:: Excerpted records ::
-------

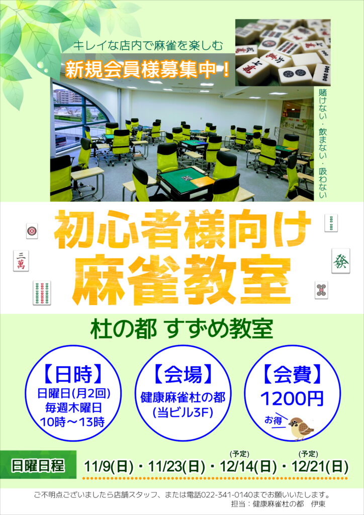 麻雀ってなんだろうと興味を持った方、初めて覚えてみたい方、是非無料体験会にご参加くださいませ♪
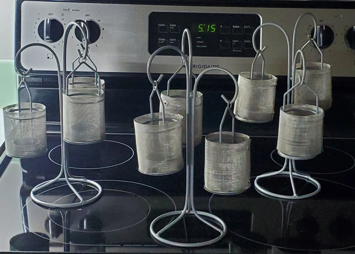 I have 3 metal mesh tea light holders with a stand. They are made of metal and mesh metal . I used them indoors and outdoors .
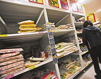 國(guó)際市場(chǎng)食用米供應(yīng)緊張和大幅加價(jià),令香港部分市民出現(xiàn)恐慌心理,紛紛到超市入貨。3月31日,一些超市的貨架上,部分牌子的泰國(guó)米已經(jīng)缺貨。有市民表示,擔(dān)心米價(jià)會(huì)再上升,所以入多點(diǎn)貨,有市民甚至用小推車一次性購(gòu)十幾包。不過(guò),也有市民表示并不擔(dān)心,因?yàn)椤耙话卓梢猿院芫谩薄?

-------

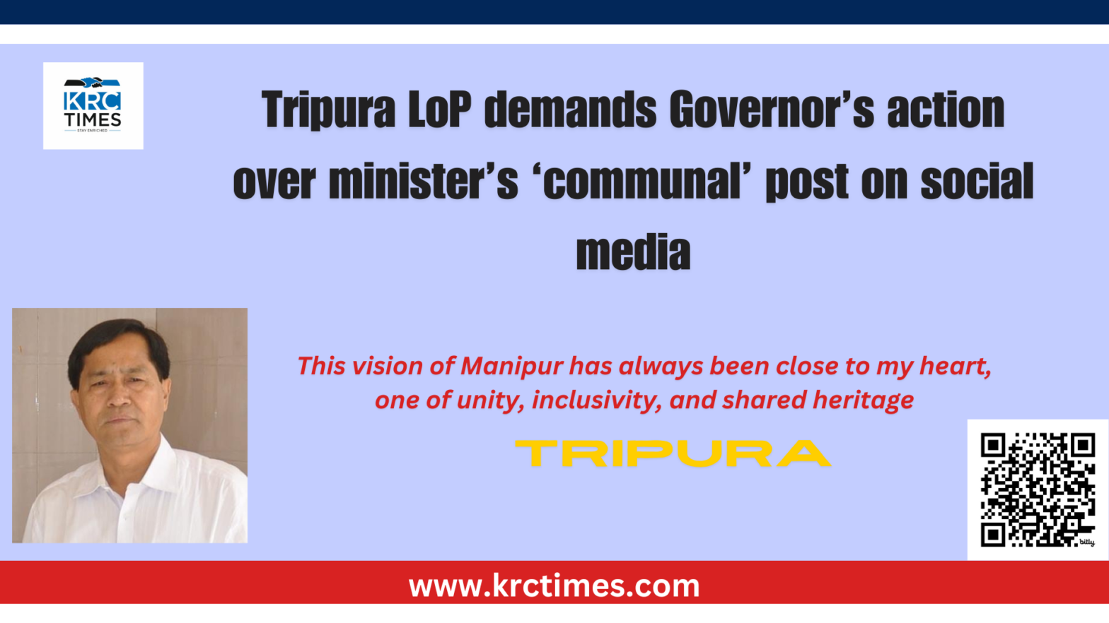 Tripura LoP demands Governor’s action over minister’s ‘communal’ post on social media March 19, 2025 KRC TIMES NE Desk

-------

:: Exercise description ::
Restate the lines above from the one containing "麻雀ってなんだろうと興味を持" through the one containing "國(guó)際市場(chǎn", inclusive, exactly and without pictures.

:: The answer ::
 麻雀ってなんだろうと興味を持った方、初めて覚えてみたい方、是非無料体験会にご参加くださいませ♪
 I have 3 metal mesh tea light holders with a stand. They are made of metal and mesh metal . I used them indoors and outdoors .
 國(guó)際市場(chǎng)食用米供應(yīng)緊張和大幅加價(jià),令香港部分市民出現(xiàn)恐慌心理,紛紛到超市入貨。3月31日,一些超市的貨架上,部分牌子的泰國(guó)米已經(jīng)缺貨。有市民表示,擔(dān)心米價(jià)會(huì)再上升,所以入多點(diǎn)貨,有市民甚至用小推車一次性購(gòu)十幾包。不過(guò),也有市民表示并不擔(dān)心,因?yàn)椤耙话卓梢猿院芫谩薄?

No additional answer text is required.